Retype the listing below line for line, but only from the line with "热火得到:科怀-莱昂纳德、克里斯-邓恩" down to the line with "J’ai aussi ajouté", inclusive. Pictures stay out.

◆ **Task data**

= = = = = = =

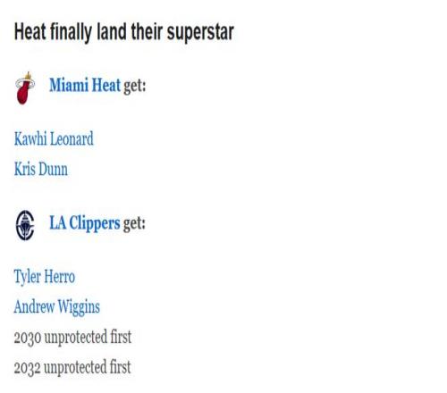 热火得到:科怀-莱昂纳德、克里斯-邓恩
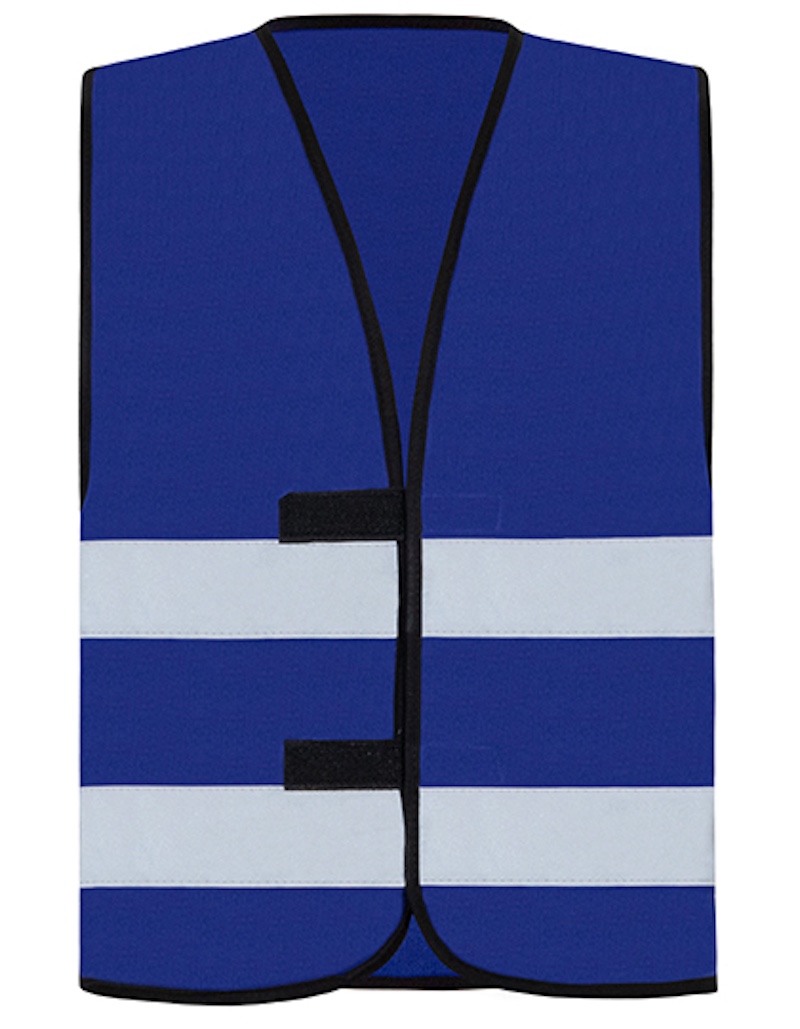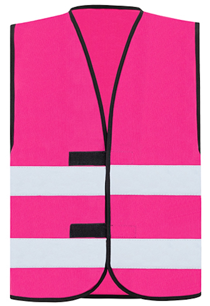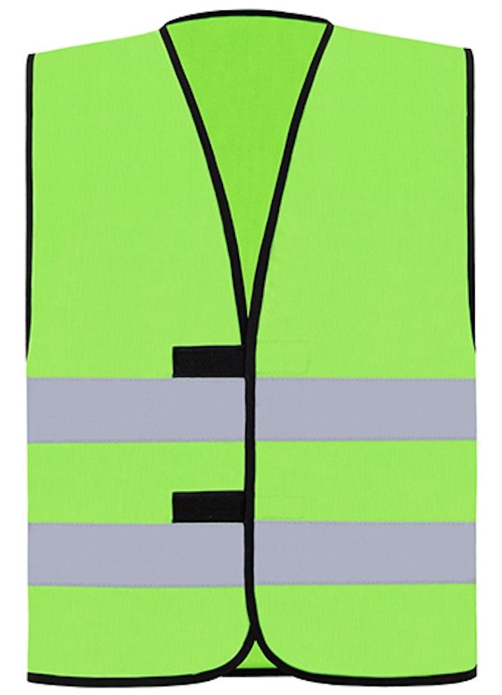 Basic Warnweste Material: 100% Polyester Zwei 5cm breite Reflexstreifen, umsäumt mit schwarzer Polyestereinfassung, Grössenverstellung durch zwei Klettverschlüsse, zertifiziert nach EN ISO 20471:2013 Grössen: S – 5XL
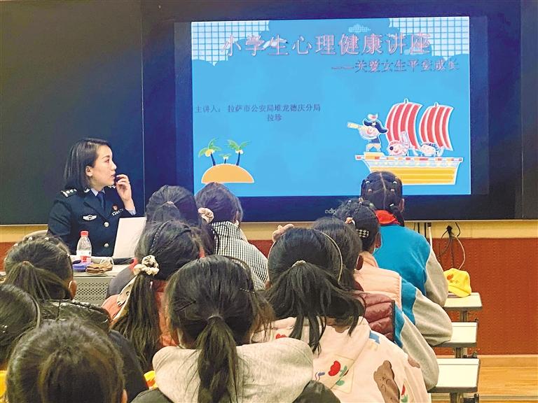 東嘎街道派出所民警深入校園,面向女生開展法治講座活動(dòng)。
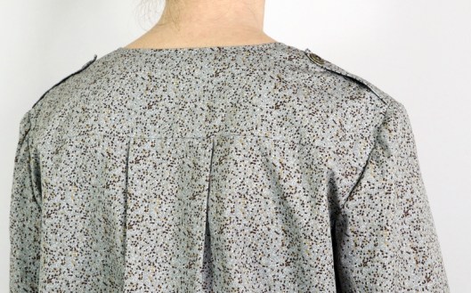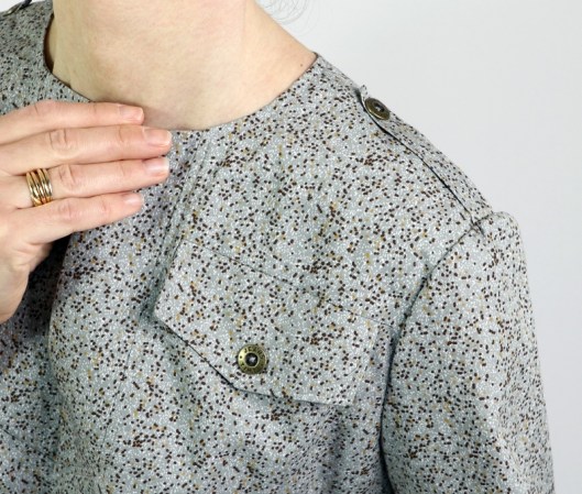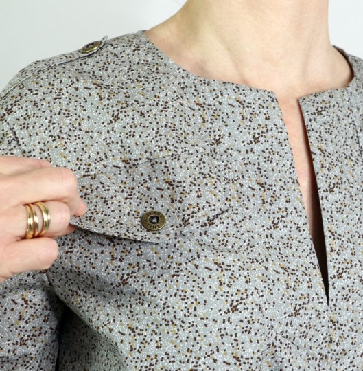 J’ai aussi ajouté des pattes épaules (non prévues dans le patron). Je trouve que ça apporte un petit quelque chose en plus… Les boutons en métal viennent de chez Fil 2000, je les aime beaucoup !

= = = = = = =

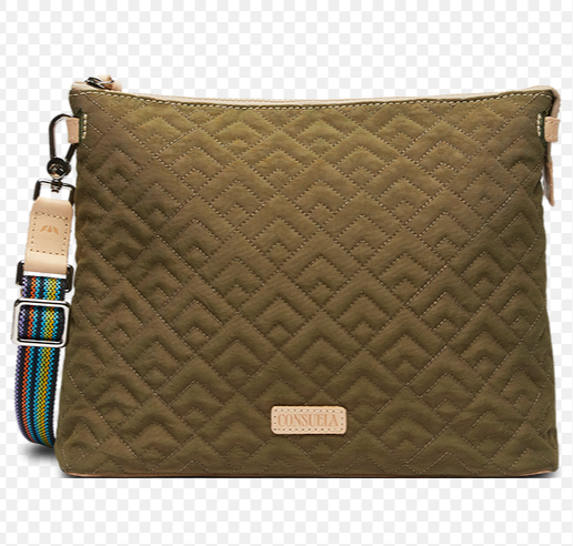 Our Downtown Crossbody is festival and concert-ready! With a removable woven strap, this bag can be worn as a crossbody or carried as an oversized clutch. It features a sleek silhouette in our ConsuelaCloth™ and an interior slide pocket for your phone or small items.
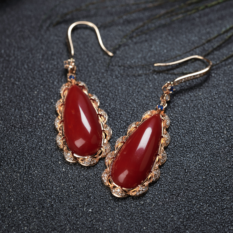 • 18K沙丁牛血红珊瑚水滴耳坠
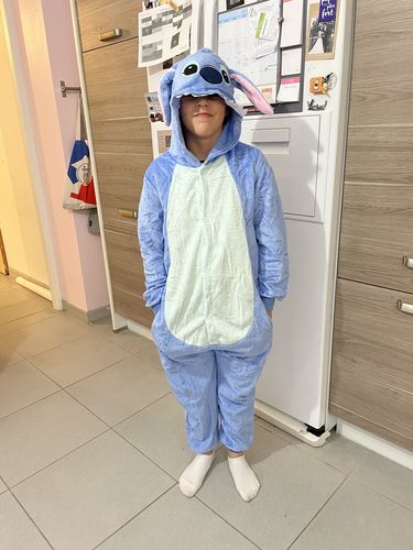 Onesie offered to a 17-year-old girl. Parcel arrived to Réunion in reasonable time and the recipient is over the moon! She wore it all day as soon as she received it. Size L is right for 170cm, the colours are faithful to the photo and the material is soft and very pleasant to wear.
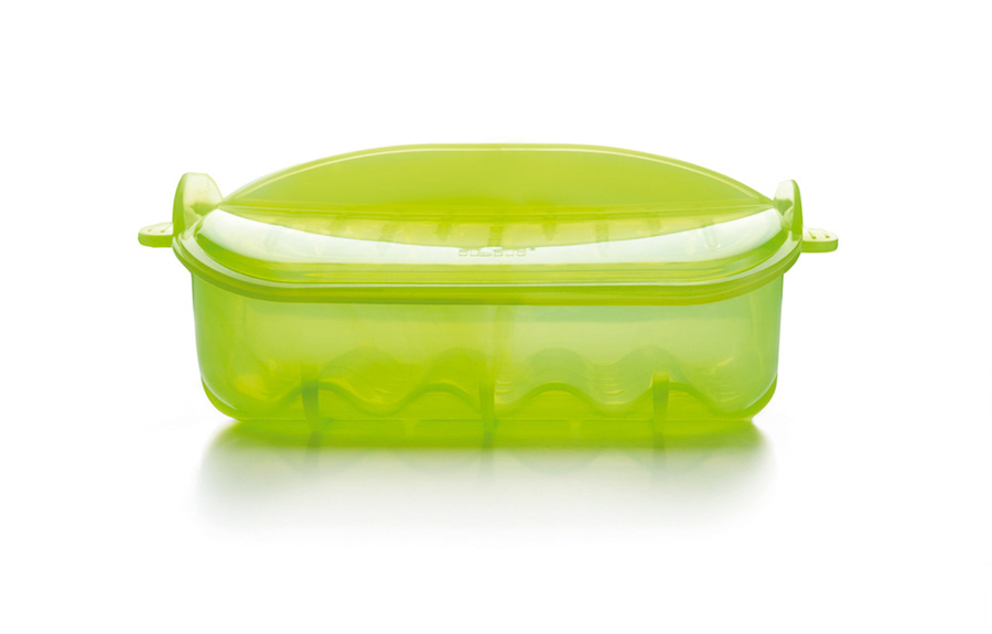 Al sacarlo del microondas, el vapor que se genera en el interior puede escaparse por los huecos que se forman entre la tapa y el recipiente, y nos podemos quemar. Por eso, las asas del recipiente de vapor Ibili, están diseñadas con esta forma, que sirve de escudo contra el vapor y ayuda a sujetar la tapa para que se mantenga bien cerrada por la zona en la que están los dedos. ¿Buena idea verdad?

= = = = = = =

◆ **Response to this exercise**
 热火得到:科怀-莱昂纳德、克里斯-邓恩
 Basic Warnweste Material: 100% Polyester Zwei 5cm breite Reflexstreifen, umsäumt mit schwarzer Polyestereinfassung, Grössenverstellung durch zwei Klettverschlüsse, zertifiziert nach EN ISO 20471:2013 Grössen: S – 5XL
 東嘎街道派出所民警深入校園,面向女生開展法治講座活動(dòng)。
 J’ai aussi ajouté des pattes épaules (non prévues dans le patron). Je trouve que ça apporte un petit quelque chose en plus… Les boutons en métal viennent de chez Fil 2000, je les aime beaucoup !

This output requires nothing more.